• **Task objective**
Please repeat nothing except the lines from the one containing "Bright, radiant sunburst" through the end of the records, exactly and without pictures.

• **Provided material**

[Start of section]

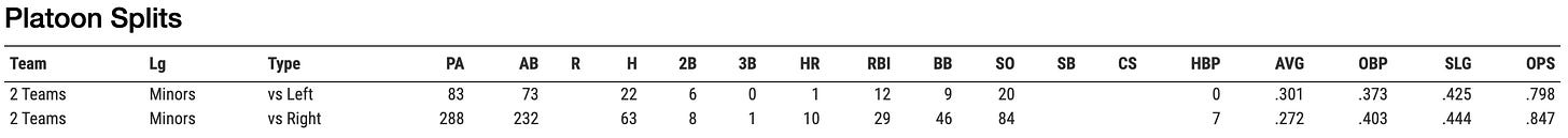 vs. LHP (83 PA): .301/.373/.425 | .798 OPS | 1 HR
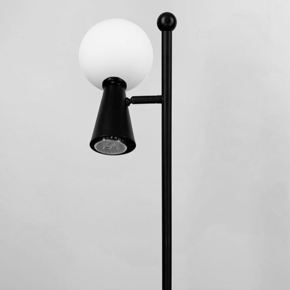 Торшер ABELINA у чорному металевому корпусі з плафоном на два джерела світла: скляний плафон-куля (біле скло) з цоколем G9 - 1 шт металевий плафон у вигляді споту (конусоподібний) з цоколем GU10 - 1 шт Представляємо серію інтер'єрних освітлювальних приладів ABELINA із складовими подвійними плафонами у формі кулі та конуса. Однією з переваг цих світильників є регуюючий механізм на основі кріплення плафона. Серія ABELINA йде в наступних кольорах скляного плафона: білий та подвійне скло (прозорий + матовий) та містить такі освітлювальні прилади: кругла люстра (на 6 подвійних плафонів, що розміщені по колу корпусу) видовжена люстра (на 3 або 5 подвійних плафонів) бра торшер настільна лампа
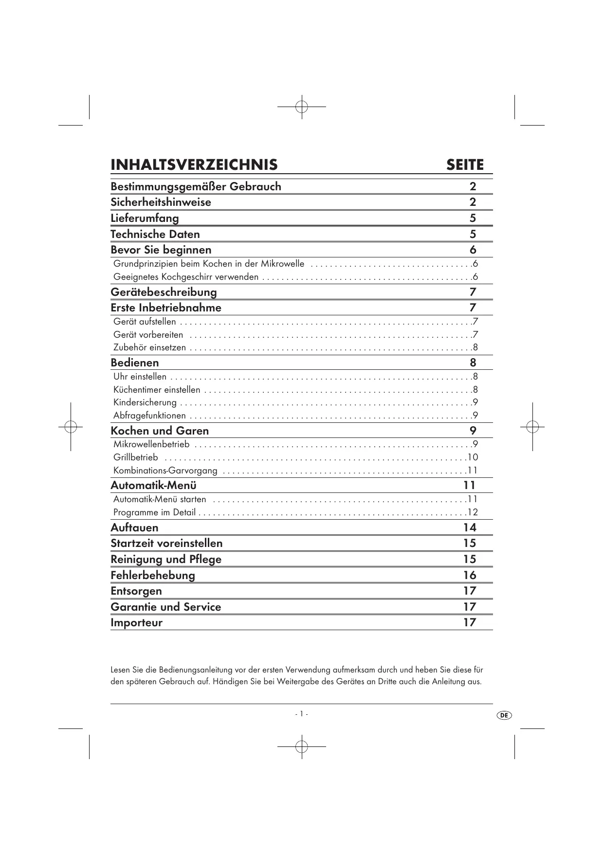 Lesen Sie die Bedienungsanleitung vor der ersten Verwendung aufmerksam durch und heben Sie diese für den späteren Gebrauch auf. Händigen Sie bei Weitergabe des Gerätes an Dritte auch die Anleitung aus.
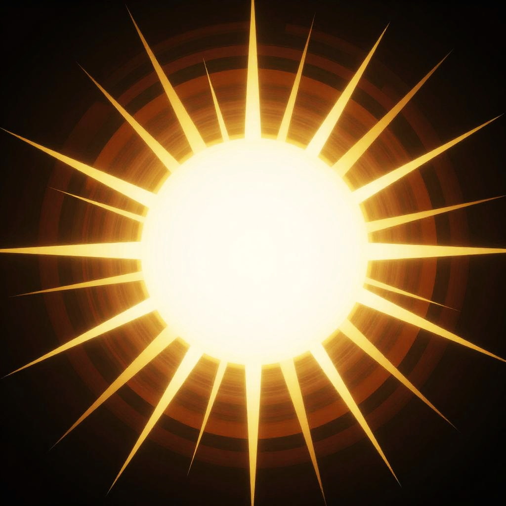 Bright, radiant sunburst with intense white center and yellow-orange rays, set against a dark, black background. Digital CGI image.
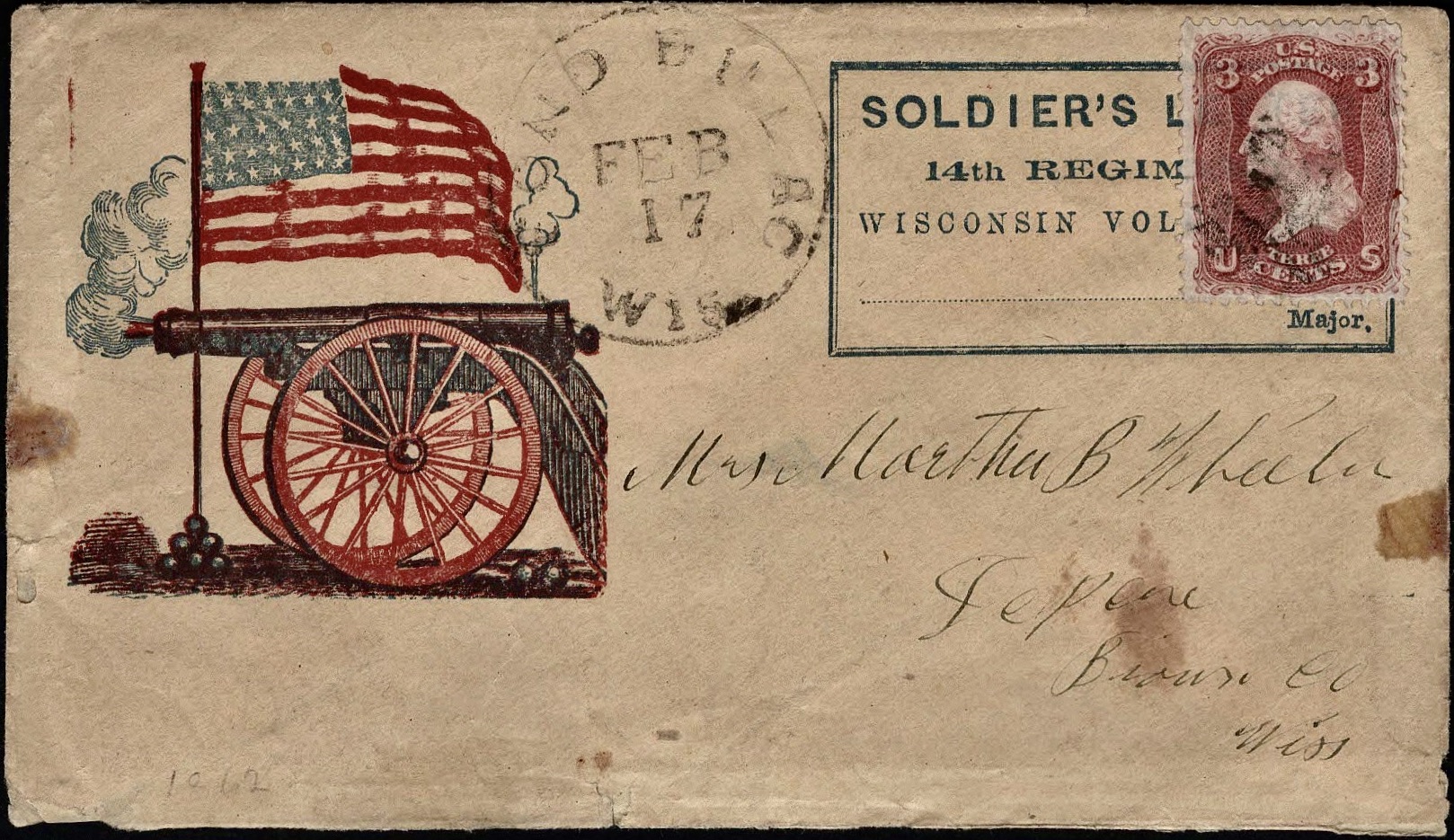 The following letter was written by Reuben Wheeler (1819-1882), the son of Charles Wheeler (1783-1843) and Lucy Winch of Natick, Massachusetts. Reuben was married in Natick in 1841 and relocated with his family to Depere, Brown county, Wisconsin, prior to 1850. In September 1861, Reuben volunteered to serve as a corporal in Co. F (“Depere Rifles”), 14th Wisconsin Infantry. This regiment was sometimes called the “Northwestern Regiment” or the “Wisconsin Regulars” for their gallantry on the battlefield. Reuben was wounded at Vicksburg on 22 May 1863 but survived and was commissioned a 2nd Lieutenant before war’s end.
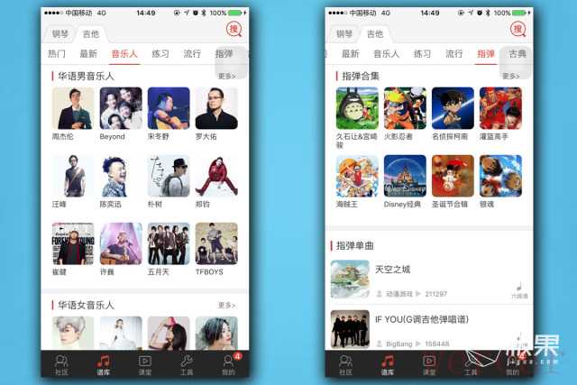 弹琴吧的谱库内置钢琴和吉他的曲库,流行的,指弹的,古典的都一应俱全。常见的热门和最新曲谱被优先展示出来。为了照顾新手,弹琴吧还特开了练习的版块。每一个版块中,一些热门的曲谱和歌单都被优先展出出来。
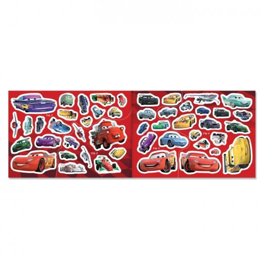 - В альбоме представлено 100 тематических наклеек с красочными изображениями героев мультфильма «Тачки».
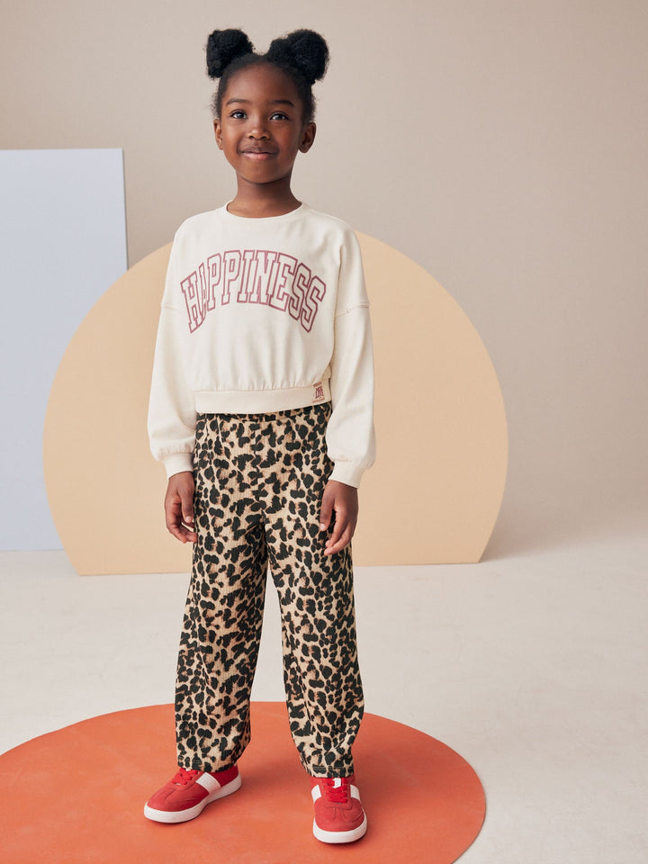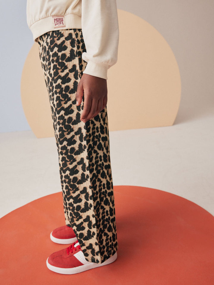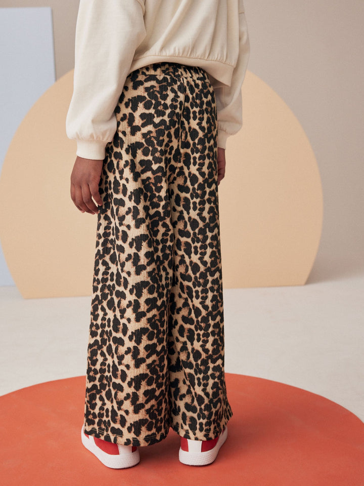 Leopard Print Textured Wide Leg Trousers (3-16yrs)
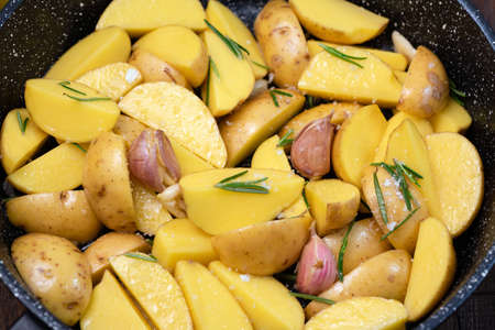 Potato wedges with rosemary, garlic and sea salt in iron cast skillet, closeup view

[End of section]

• **Answer**
 Bright, radiant sunburst with intense white center and yellow-orange rays, set against a dark, black background. Digital CGI image.
 The following letter was written by Reuben Wheeler (1819-1882), the son of Charles Wheeler (1783-1843) and Lucy Winch of Natick, Massachusetts. Reuben was married in Natick in 1841 and relocated with his family to Depere, Brown county, Wisconsin, prior to 1850. In September 1861, Reuben volunteered to serve as a corporal in Co. F (“Depere Rifles”), 14th Wisconsin Infantry. This regiment was sometimes called the “Northwestern Regiment” or the “Wisconsin Regulars” for their gallantry on the battlefield. Reuben was wounded at Vicksburg on 22 May 1863 but survived and was commissioned a 2nd Lieutenant before war’s end.
 弹琴吧的谱库内置钢琴和吉他的曲库,流行的,指弹的,古典的都一应俱全。常见的热门和最新曲谱被优先展示出来。为了照顾新手,弹琴吧还特开了练习的版块。每一个版块中,一些热门的曲谱和歌单都被优先展出出来。
 - В альбоме представлено 100 тематических наклеек с красочными изображениями героев мультфильма «Тачки».
 Leopard Print Textured Wide Leg Trousers (3-16yrs)
 Potato wedges with rosemary, garlic and sea salt in iron cast skillet, closeup view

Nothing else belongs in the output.